In reality, the amount of examples we have of non-spam emails is much larger than the ones that are spam. Therefore, we need proper evaluation techniques to deal with such a class imbalance.
Fun fact: if a piece of text is not spam, it's popularly called ham!
While you can downlaod the following packages with pip
to your computer directly, we recommend (but not require) you to use a virtual environment to not mess up the package versions for different project. If you'd like to, here is a quick tutorial on virtual environments that you can checkout with an EPFL email.

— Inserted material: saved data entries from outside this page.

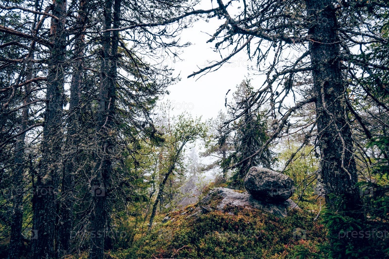 Зеленый летний лесный пейзаж, еловые леса, трава и облачное небо Карелии
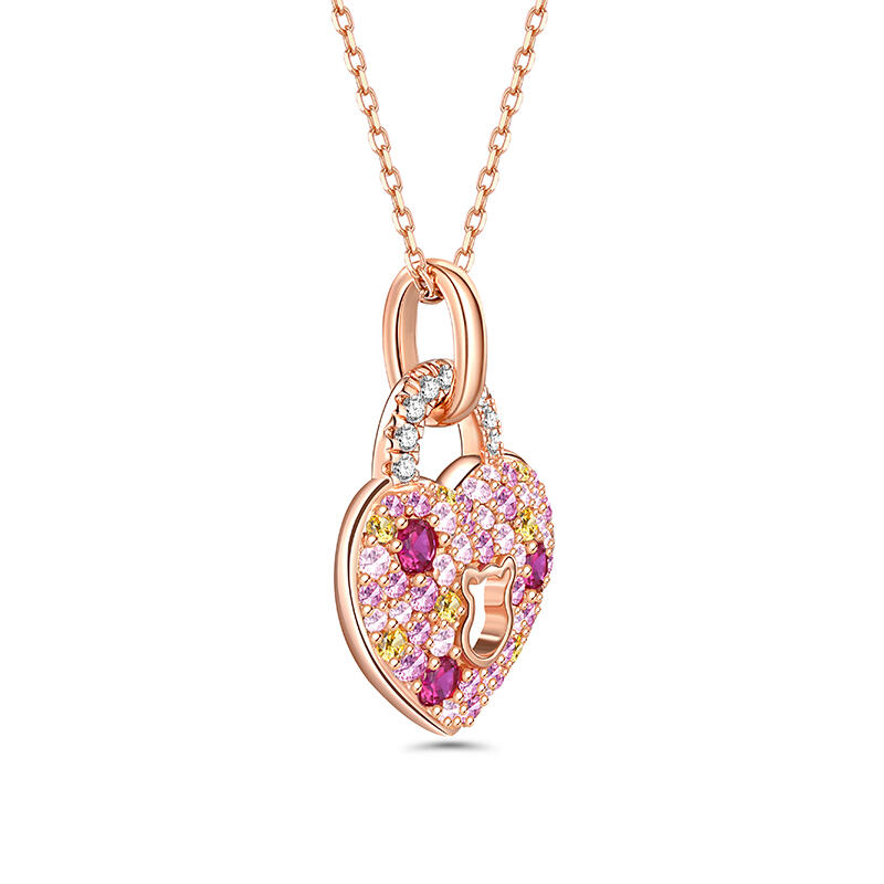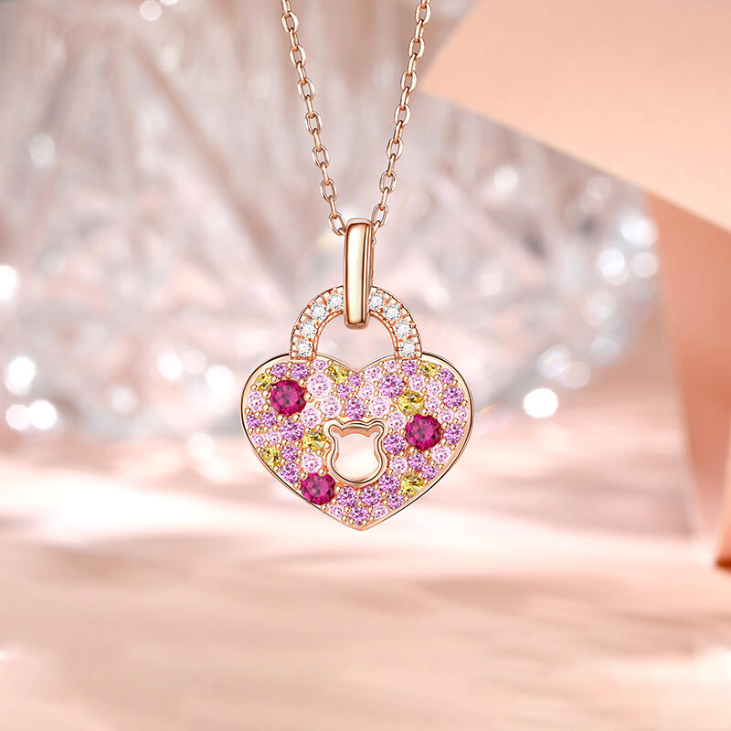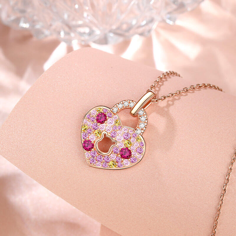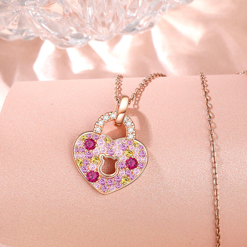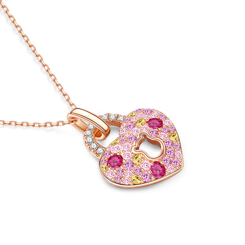 Jeulia Multi-color Heart Lock Bear Keyhole Sterling Silver Necklace
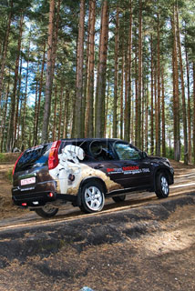 ამასთან, თქვენ შეგიძლიათ ჩართოთ სავალდებულო სრული, და დაარღვიოთ ბრუნვის თანაბრად ღერძი შორის. ამ რეჟიმში, X-Trail ნამდვილად კარგია, მაგრამ მაინც არა SUV
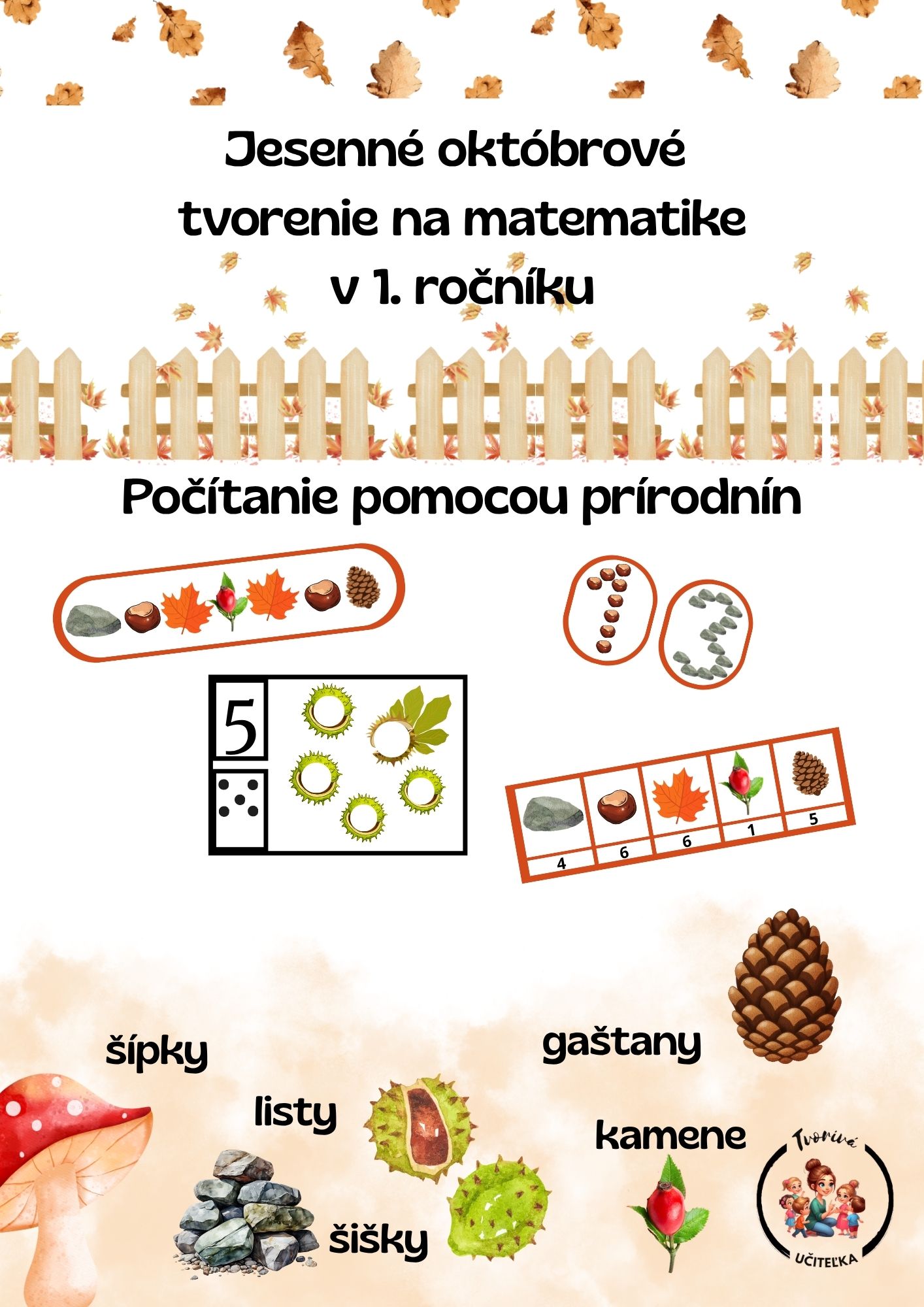 - Materiál obsahuje niekoľko kariet, ktoré používame pri počítaní na matematike v 1. ročníku pri číslach 1-6.

First make sure you have (a virtual environment (e.g., venv, virtualenv, conda), and that the environment has) a Python version >= 3.6, per spaCy package requirements. If you are using the a Jupyter Notebook, make sure the interpreter points to the correct python
executable.
Then install the following packages:
pip install -U ipykernel
pip install -U pip setuptools wheel
pip install -U pandas
pip install -U matplotlib
pip install -U scikit-learn
pip install -U seaborn
pip install -U spacy
pip install -U classy-classification
python -m spacy download en_core_web_sm
Next, import the necessary packages:
Note: if this part of the code hangs, simply restart your kernel and rerun, sometimes importing packages multiple times can create a problem
# Importing necessary packages:
import spacy
import classy_classification
import pandas as pd
import numpy as np
import os
import random
import matplotlib.pyplot as plt
import seaborn as sns
from sklearn.metrics import accuracy_score, precision_score, recall_score, f1_score, confusion_matrix, precision_recall_curve
from sklearn.model_selection import train_test_split, KFold
from sklearn import metrics
# Setting the seed:
seed = 42
os.environ['PYTHONHASHSEED']=str(seed)
random.seed(seed)
np.random.seed(seed)
# Setting print options for readability:
pd.set_option('display.max_columns', None)
pd.set_option('display.expand_frame_repr', False)
pd.set_option('max_colwidth', None)
Now you are ready to start the exercises!
df = pd.read_csv("spam.csv", header=0, names=['label','sms'], usecols=[0,1])
df.head()
df.tail()
As you can see there are 2 types of classes: "ham" & "spam". Let's take a look at their distribution:
print("Label counts are:")
print(df.label.value_counts())
print("______________________")
print("Label percentages are:")
print(df.label.value_counts(normalize=True))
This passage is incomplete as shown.